Ba (Barium): Highly right-skewed and sparse, with a large concentration at 0; the distribution may pose modeling challenges.
Ca (Calcium): Nearly normal with a slight left skew around 7-10; suitable for models without transformation, and skewness has minimal impact.
Fe (Iron): Highly right-skewed with most values near 0 and a few outliers; the skewness and outliers may affect model sensitivity.
K (Potassium): Highly right-skewed and sparse, mostly close to 0; skewness and sparsity may challenge predictive models.
Mg (Magnesium): Moderately right-skewed with bimodal peaks around 0 and 3-4; retaining this structure could be valuable for capturing glass type differences.
Na (Sodium): Slightly right-skewed, concentrated between 12-14; mild skewness unlikely to impact model performance.
RI (Refractive Index): Slightly right-skewed, tightly clustered around 1.515-1.525; near-normal distribution fits well in models, but limited variance may reduce predictive power.
Si (Silicon): Slightly left-skewed around 71-73; near-normal distribution makes it suitable without transformation, with minimal effect on models.

# Load the Glass dataset
data("Glass")
glass_data <- as.data.frame(Glass)

# Plot histograms
glass_data %>%
  gather(key = "Feature", value = "Value", -Type) %>%
  ggplot(aes(x = Value)) +
  geom_histogram(bins = 30, fill = "darkblue", alpha = 0.6) +
  facet_wrap(~ Feature, scales = "free") +
  theme_minimal() +
  labs(title = "Distribution of Features in Glass Dataset", x = "Value", y = "Count")

Outliers

Al (Aluminum): Outliers across types 1, 2, 5, and 6 may indicate different compositions and may require careful handling in models sensitive to outliers.
Ba (Barium): Mostly zero values with pronounced spikes in type 2 and 5; the model may need ot handle the sparsity of the data.
Ca (Calcium): High variability and outliers in types 2 and 5; may require may require careful handling in models sensitive to outliers.
Fe (Iron): Clustered around 0 with some outliers at 3 and 5; low variance suggests limited predictive power unless outliers are significant.
K (Potassium): Sparse distribution with spikes in type 5; the spike could be relevant for the glass types.
Mg (Magnesium): Outliers in types 2 and 7; the two peaks of this distribution and potential outliers may indicate predictive power.
Na (Sodium): Moderate variability and scattered outliers across the types
RI (Refractive Index): Narrow distribution with few outliers; low variance may limit predictive power.
Si (Silicon): Several outliers around a normalish distribution; outliers may have a minimal impact on model.

# Boxplots
glass_data %>%
  gather(key = "Feature", value = "Value", -Type) %>%
  ggplot(aes(x = as.factor(Type), y = Value)) +
  geom_boxplot() +
  facet_wrap(~ Feature, scales = "free") +
  theme_minimal() +
  labs(title = "Boxplot of Features by Glass Type", x = "Glass Type", y = "Value")

Predictor Relationships

High correlations between predictors can lead to multicollinearity, making coefficient estimates in models unstable; we may need to remove highly correlated variables or use dimensionality reduction to eliminate colinerarity.
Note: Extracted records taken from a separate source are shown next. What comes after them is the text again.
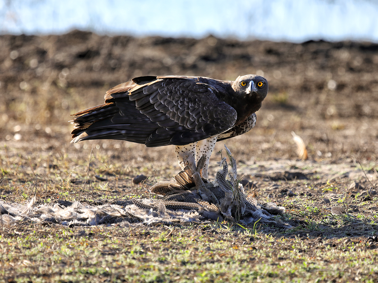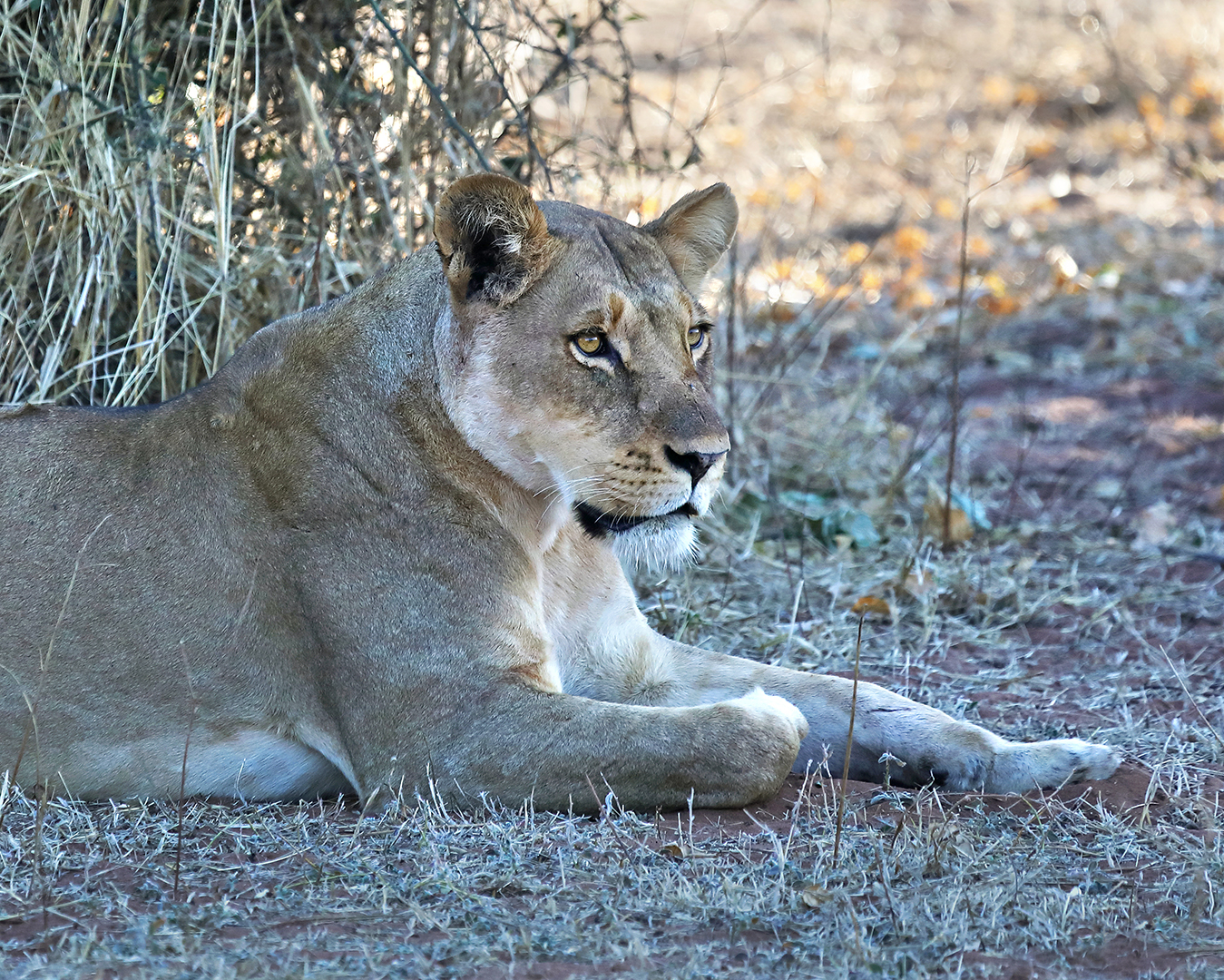 At sunrise the next morning we drove out to look for the lions. Ace found their tracks but the lions managed to stay hidden all day. I was frustrated that Ace’s radio wasn’t working, which meant he didn’t know when other guides saw something interesting. We were lucky enough to spot a honey badger – the first I’d ever seen in the wild – running parallel to us about 20 meters away, but I didn’t manage to get a good shot before it vanished.
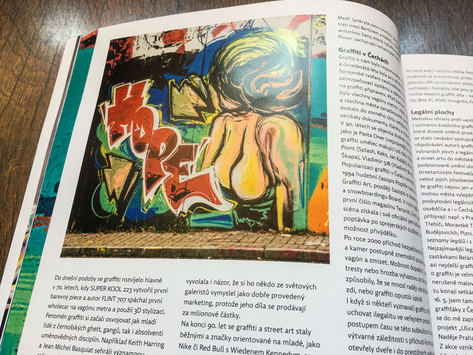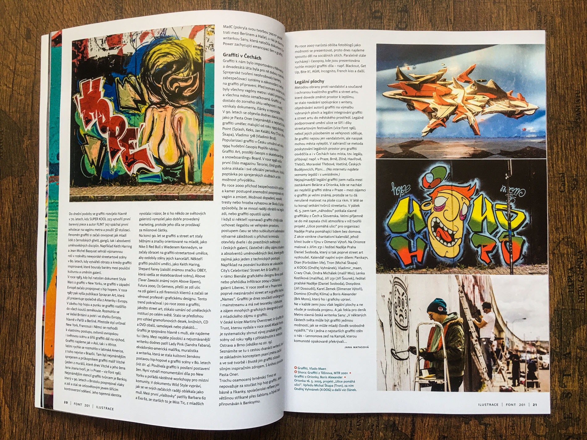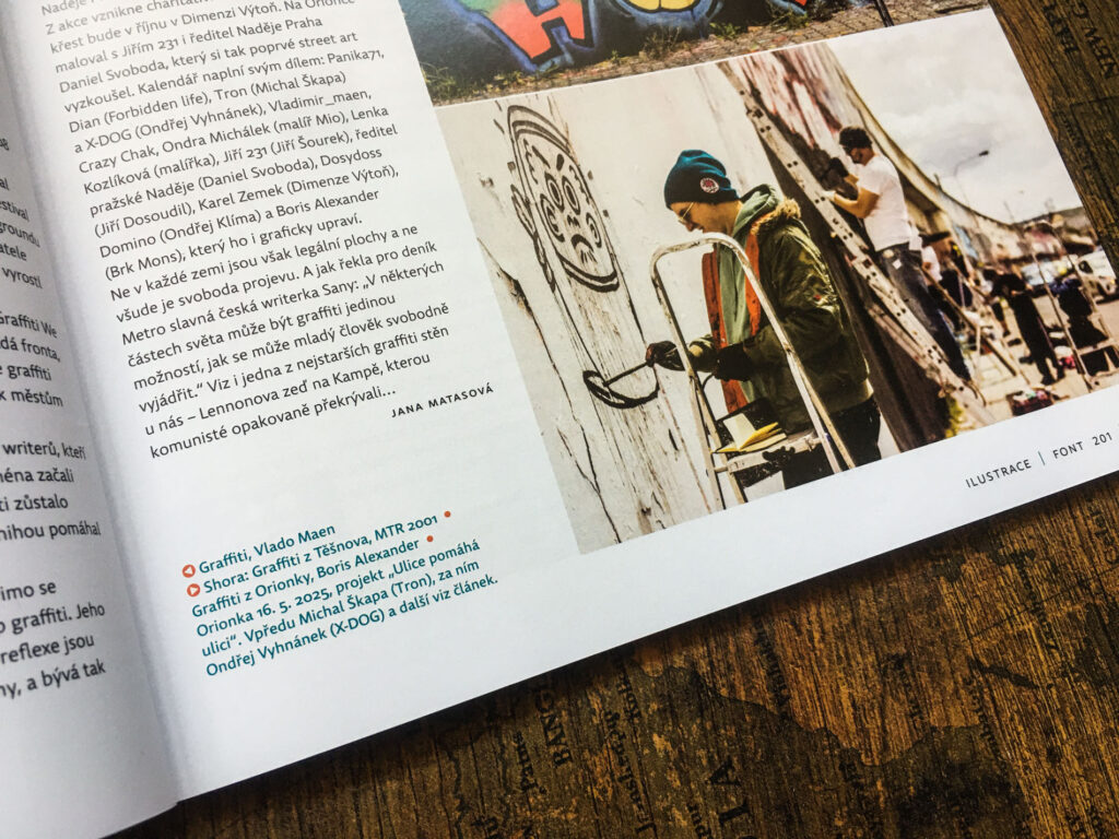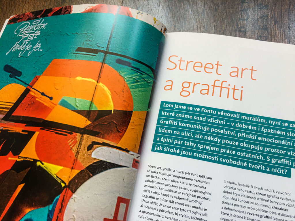 V článku o graffiti pro časopis Font číslo 201 můžete krátce nahlédnout do graffiti filozofie, slangu, členění, jeho původu a historického vývoje současnosti graffiti v Čechách i ve světě. Je druhým článek o street artu. První se zabýval murály (Font číslo 196), které jsou více propracovanou nástěnnou malbou, kterou potkáte na zdech ulic i vnitřních prostor budov.
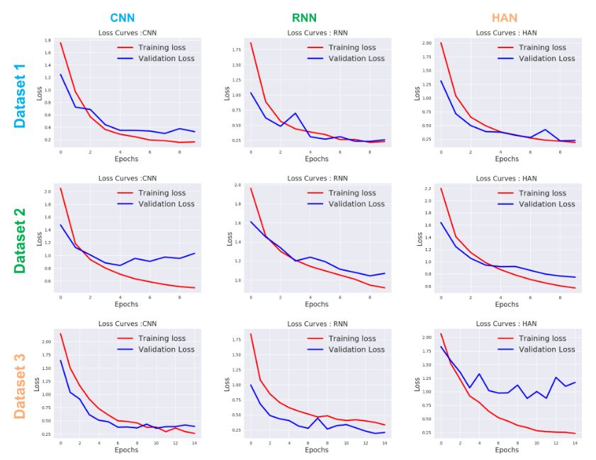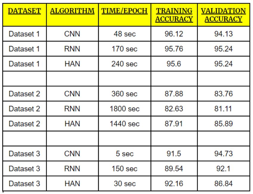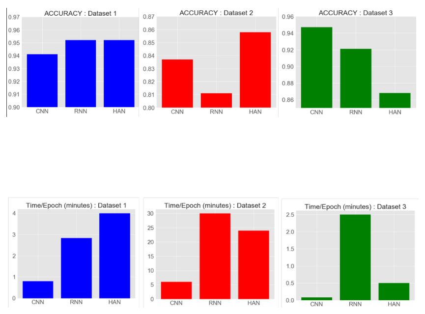 CNN模型在训练时间方面优于其他两个模型(RNN和HAN),但是如果我们拥有较大的数据集,HAN比CNN和RNN表现更好。
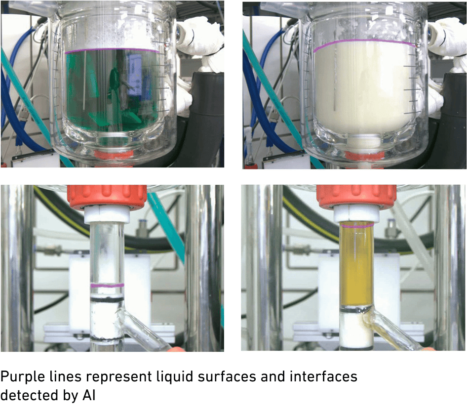 By applying AI-based image analysis, liquid levels and interfaces inside reactors can be accurately detected, enabling precise volume measurement and reliable interface detection during liquid separation. To ensure robust performance in practical use, the AI model was trained to handle a wide range of conditions. As a result, it maintains high accuracy even in challenging situations involving foaming, residue on vessel surfaces, or variations in solution color—issues that conventional image-processing systems struggled to overcome. The introduction of this technology is expected to improve experimental reproducibility, reduce variability caused by manual operations, and enhance overall process efficiency while reducing the workload of researchers.
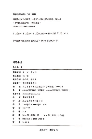 闲笔杂说/中国书籍文学馆
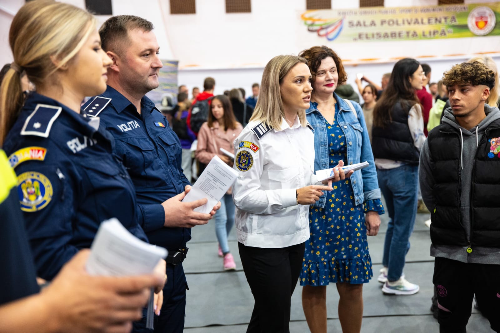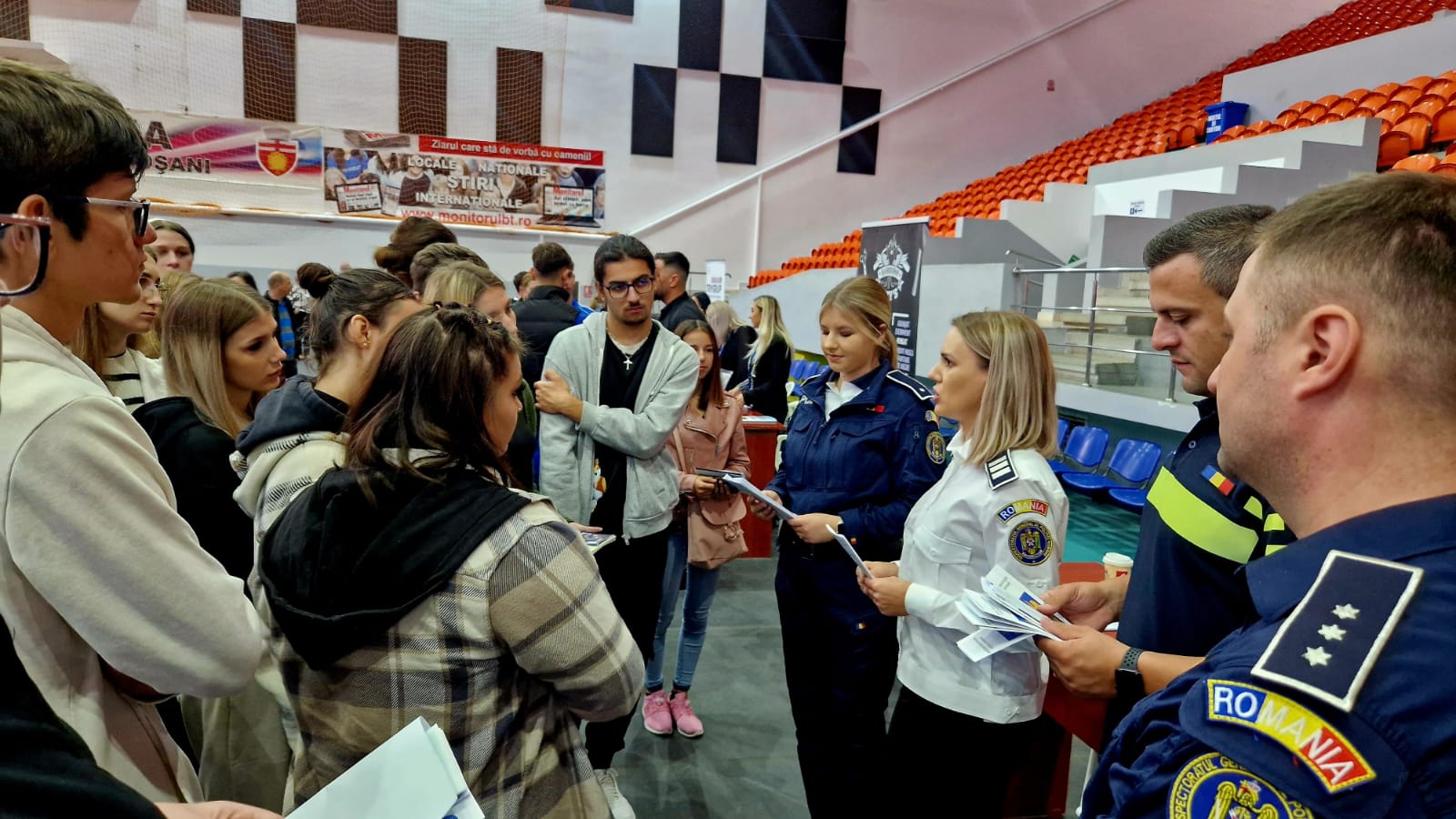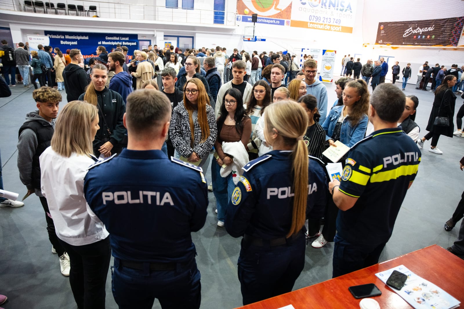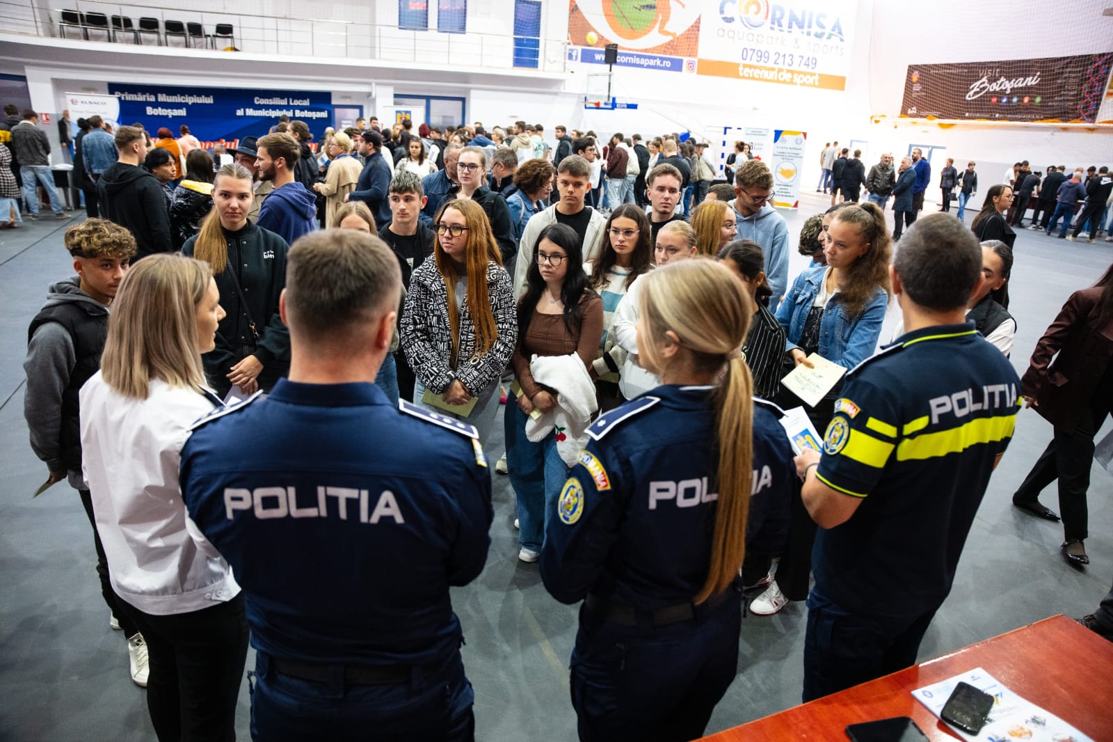 Împreună cu specialiști în resurse umane și o tânără, proaspăt absolventă a Academiei de Poliție „Al. Ioan Cuza”, oamenii legii interacționat cu cei care își doresc o carieră în Poliția Română.

Variables with low correlations to others, like Fe and Ba, may help the model predictive power. Strong correlations help identify which variables might be redundant or need special handling.

Moderate to High Positive Correlation:

Ca and RI (0.81): These variables have a strong positive relationship, suggesting that an increase in calcium content is associated with an increase in the refractive index.
Al and Si (0.48): There’s a moderate positive correlation between Aluminum and Silicon, indicating that they tend to increase together but not as strongly as Ca and RI.

Moderate to Strong Negative Correlations:

Mg and RI (-0.54): This indicates that an increase in Magnesium is associated with a decrease in refractive index.
Mg and Ca (-0.49): This strong negative relationship suggests that samples with higher Magnesium tend to have lower Calcium content.
Al and Mg (-0.48): There is a moderate negative correlation, indicating that higher values of Aluminum are associated with lower values of Magnesium.

Low to No Correlation:

Fe (Ir) Iron shows very low or negligible correlation with all other features, suggesting it is largely independent of the other variables.
Ba (Barium): Barium generally shows weak correlations with other variables, indicating limited linear relationships with most other variables.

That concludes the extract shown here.